Lottery fraudster Eddie Tipton sentenced to 25 years


eddie-tipton-lottery-fraud-sentenceConvicted lottery fraudster Eddie Tipton has been sentenced to 25 years in prison just as America braces for the second-highest jackpot in Powerball history.

In June, Tipton reached a deal with Iowa prosecutors to plead guilty to a single count of ongoing criminal conduct related to his role in a conspiracy to rig Multi-State Lottery Association (MUSL) drawings. At the time, prosecutors announced they would seek the maximum punishment available.

On Tuesday, District Court Judge Brad McCall sided with those prosecutors, sentencing Tipton to the maximum 25 years in prison, although Tipton will be eligible for parole in as little as three years’ time. A Wisconsin judge previously sentenced Tipton to five-and-a-half years after he pled guilty to theft, fraud and computer crime, but McCall will be allowed to serve both sentences concurrently.

Tipton and his co-scammers – brother Eddie Tipton and mutual friend Robert Rhodes – claimed seven fraudulent lottery jackpots in five different states over a number of years before their scam spectacularly unraveled in 2011 when they made a ham-fisted attempt to anonymously claim their largest prize, a $16.5m Iowa Lottery Hot Lotto jackpot.

Tipton formerly worked as a computer information security director for the MUSL, a job that allowed him access to MUSL servers.

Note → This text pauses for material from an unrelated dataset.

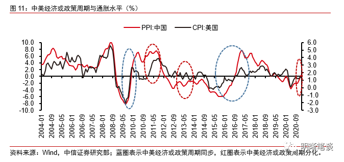 从历史上看,全球持续通胀的前提条件是全球经济的共振修复或者政策的同步扩张。次贷危机之后存在两段全球通胀同步回升的时期:(1)2008年次贷之后,全球货币政策均大幅宽松,全球经济于2008年底、2009年初开始回暖,主要国家和地区的制造业PMI指数彼时也触底回升,虽然中国经济在“四万亿”刺激后稍领先修复,但全球经济整体是共振复苏的,这一阶段全球通胀也快速回升;(2)2015年底2016年初全球经济再次形成共振复苏态势,主要国家和地区PMI指数基本在该期间触底回升,全球经济修复之下通胀也稳步抬升。

Tipton installed a ‘rootkit’ device that caused the servers’ random number generator to deliver specific sets of winning numbers on specific drawings, for which the scammers would purchase guaranteed winning tickets.

Tommy Tipton, Rhodes and some other ‘beards’ were tasked with claiming the prizes in exchange for a cut of the profits. Tommy Tipton is currently serving a 75-day sentence in Texas, while Rhodes, who has pled guilty to fraud, will be sentenced Friday.

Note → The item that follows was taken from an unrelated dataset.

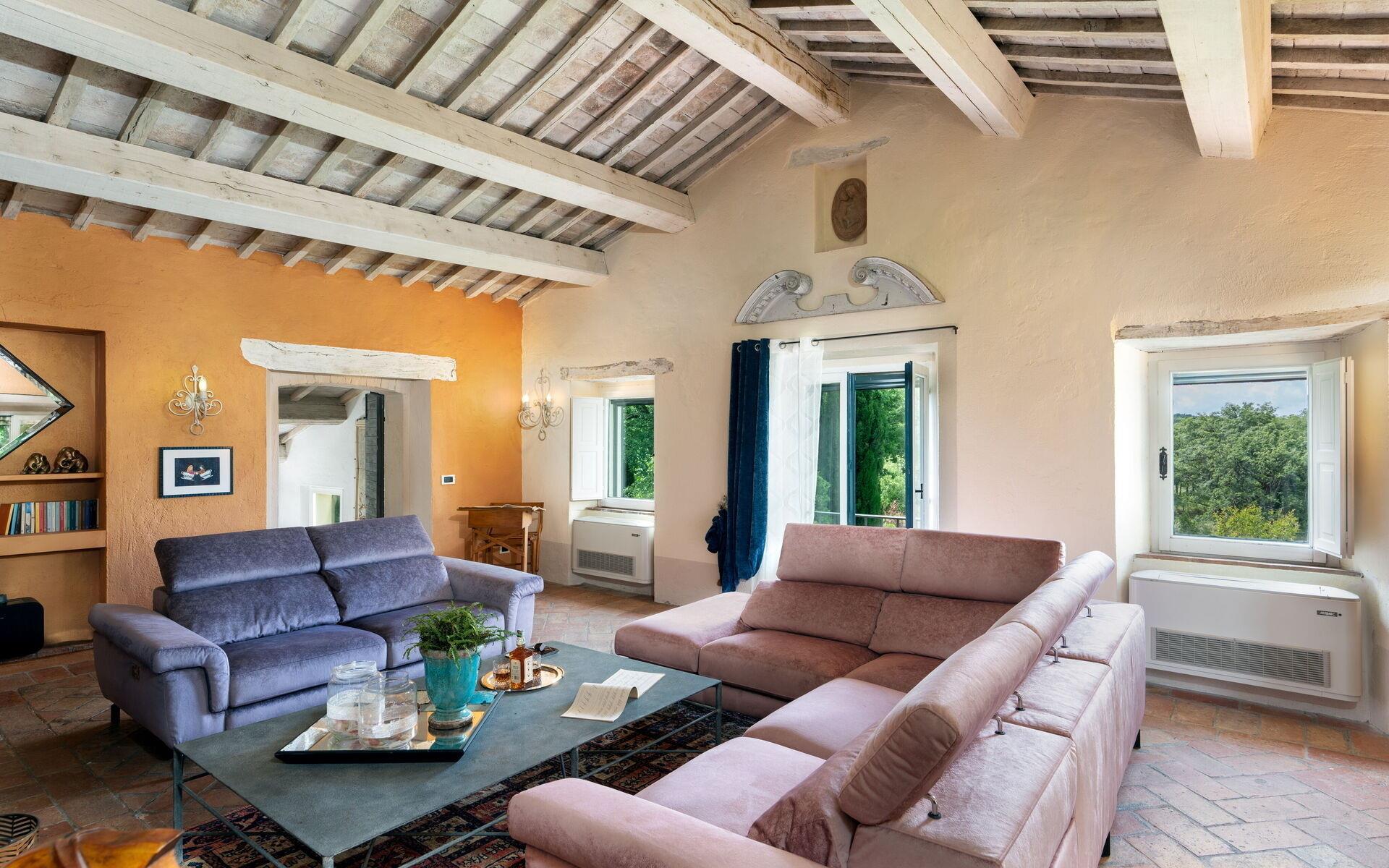 Im ersten Stock befindet sich ein Wohnzimmer mit Blick auf die Terrasse. Hier können sich die Gäste auf den bequemen Sofas entspannen, ein Buch lesen oder fernsehen. Das Wohnzimmer ist mit Designermöbeln und feinen Details ausgestattet, die den neu interpretierten toskanischen Stil der Villa widerspiegeln.

The Tipton brothers have been ordered to pay $3m in restitution to the various lotteries they defrauded, with Eddie Tipton responsible for $2.2m of that total. However, Tipton told Judge McCall on Tuesday that he wasn’t sure how he’ll be able to repay that sum.

Meanwhile, Wednesday’s Powerball jackpot is expected to top $700m, ranking second in size only behind last year’s record $1.6b prize, which was claimed by three different winners. The $700m would be issued via annual payments over 29 years, while the one-time cash option will be worth $443m (minus 25% to the IRS in addition to local state taxes). The Powerball jackpot has not been hit since June.